I got the tires changed at a local shop that specializes in motorcycle tire changing. I had called ahead to make sure that they could handle the extra large hub on my K1200GT rear wheel. When I got the wheels back, they told me to take the rear wheel to a nearby auto tire place to balance the rear wheel. The specialty shop didn’t have the large cone to balance the rear wheel - - Doh! I took it to the auto tire place, which charged me $10 for the balance. Next time I will buy some Marc Parnes balancers and do it myself.
The Garmin Zumo 660 mount proved problematic. It arrived only a few days before the ride. Using their software to plot various waypoints and routes, that’s when I found out that “North America” does not include Mexico. I quickly ordered a Garmin SD/MicroSD card with the Mexico maps, which arrived just in time.
I had a choice of three different GPS mounts: The Z-Technik mirror hole mount, the Z-Technik mount that attaches to the base of KGT handlebars, and the black plastic BMW mount that also goes on the base of the handlebars.
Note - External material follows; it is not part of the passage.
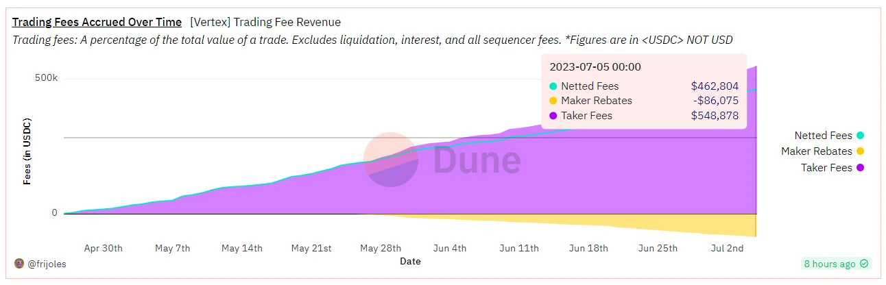Fee:累计毛收入约为 54 万美元,扣除给 maker 的返佣 8.6 万美元,净收入为 46 万美元。
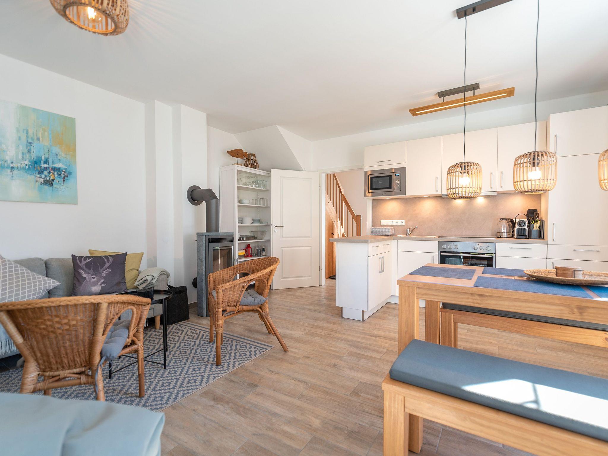• Ein offener Wohnbereich mit Kamin, TV und einer Sofaecke, ideal für entspannte Abende oder Spiele mit der Familie.

Unfortunately, the Zumo 660 mount is new and different, with a bulge on the bottom of the mount where the wiring goes in.
Z-Technik mirror hole mount: Rejected because it won’t work with the Wunderlich horn guard, and I didn’t want to mount the Zumo on the right.
BMW mount: Rejected because I would have had to redrill the holes to bypass the Zumo bulge, or shim it. I didn’t like the low placement, either.
Z-Technik KGT handlebar mount: Good, because the extra plate holes were “good enough” to fit the Zumo 660, and it offered flexible positioning in a good place. The only drawback is that the mount limits access to the motorcycle ignition key. I figured that I would get used to it in time.
I went to install the mount, and discovered that the provided screws are the wrong length if you have bar backs installed. Doh!
I called friends at the local “good ol’ boys” plumbing shop to ask for advice, and they recommended Hillco Fasteners (http://www.hillcofasteners.com/)
. They have every kind of bolt, nut, screw you could ever want. I got there just before closing and bought the bolts that fit.
I got the Zumo installed and tested the night before I left. There was no way to enter routes that crossed the US/Mexican border, but the border checkpoints were points-of-interest, so I used them to create separate US/Canada and inside-Mexico routes.
On the Mexican side, I created an Otay Mesa to Pemex route and a San Ysidro to McDonalds route. The Otay Mesa crossing looked very easy, but it was about 8 miles inland from the main San Ysidro border crossing.